Look through the data below and extract, unchanged, the lines from the one that contains "视频里她梳着田园风情的麻花辫" to the one that contains "Researchers developed a", both included.

**Records shown**
******************************

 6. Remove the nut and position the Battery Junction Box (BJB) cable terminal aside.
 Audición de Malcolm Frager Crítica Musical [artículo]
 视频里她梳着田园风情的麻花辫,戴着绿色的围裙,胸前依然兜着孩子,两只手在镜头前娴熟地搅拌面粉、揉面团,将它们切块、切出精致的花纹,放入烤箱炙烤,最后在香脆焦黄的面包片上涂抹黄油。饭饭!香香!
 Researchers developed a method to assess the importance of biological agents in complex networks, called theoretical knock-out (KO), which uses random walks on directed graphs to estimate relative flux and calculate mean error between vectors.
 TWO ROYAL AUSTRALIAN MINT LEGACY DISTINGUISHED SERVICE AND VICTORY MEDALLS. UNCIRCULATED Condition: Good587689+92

******************************

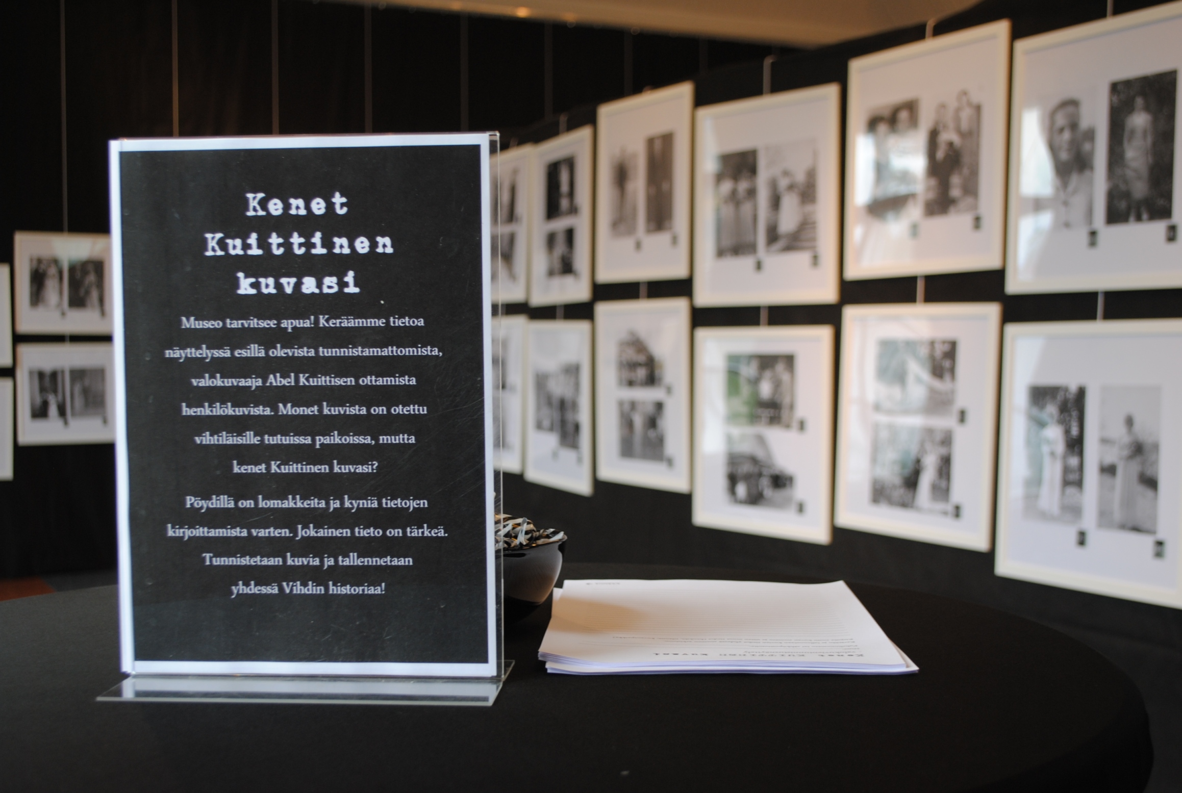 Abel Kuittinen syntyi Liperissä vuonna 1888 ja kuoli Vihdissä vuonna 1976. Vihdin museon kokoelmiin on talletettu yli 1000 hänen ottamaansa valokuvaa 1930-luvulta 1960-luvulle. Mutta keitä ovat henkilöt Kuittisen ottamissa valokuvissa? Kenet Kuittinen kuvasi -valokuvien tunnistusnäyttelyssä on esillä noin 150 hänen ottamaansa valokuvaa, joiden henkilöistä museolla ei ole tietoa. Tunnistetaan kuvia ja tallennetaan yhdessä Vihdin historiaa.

******************************

**Reply to the exercise**
 视频里她梳着田园风情的麻花辫,戴着绿色的围裙,胸前依然兜着孩子,两只手在镜头前娴熟地搅拌面粉、揉面团,将它们切块、切出精致的花纹,放入烤箱炙烤,最后在香脆焦黄的面包片上涂抹黄油。饭饭!香香!
 Researchers developed a method to assess the importance of biological agents in complex networks, called theoretical knock-out (KO), which uses random walks on directed graphs to estimate relative flux and calculate mean error between vectors.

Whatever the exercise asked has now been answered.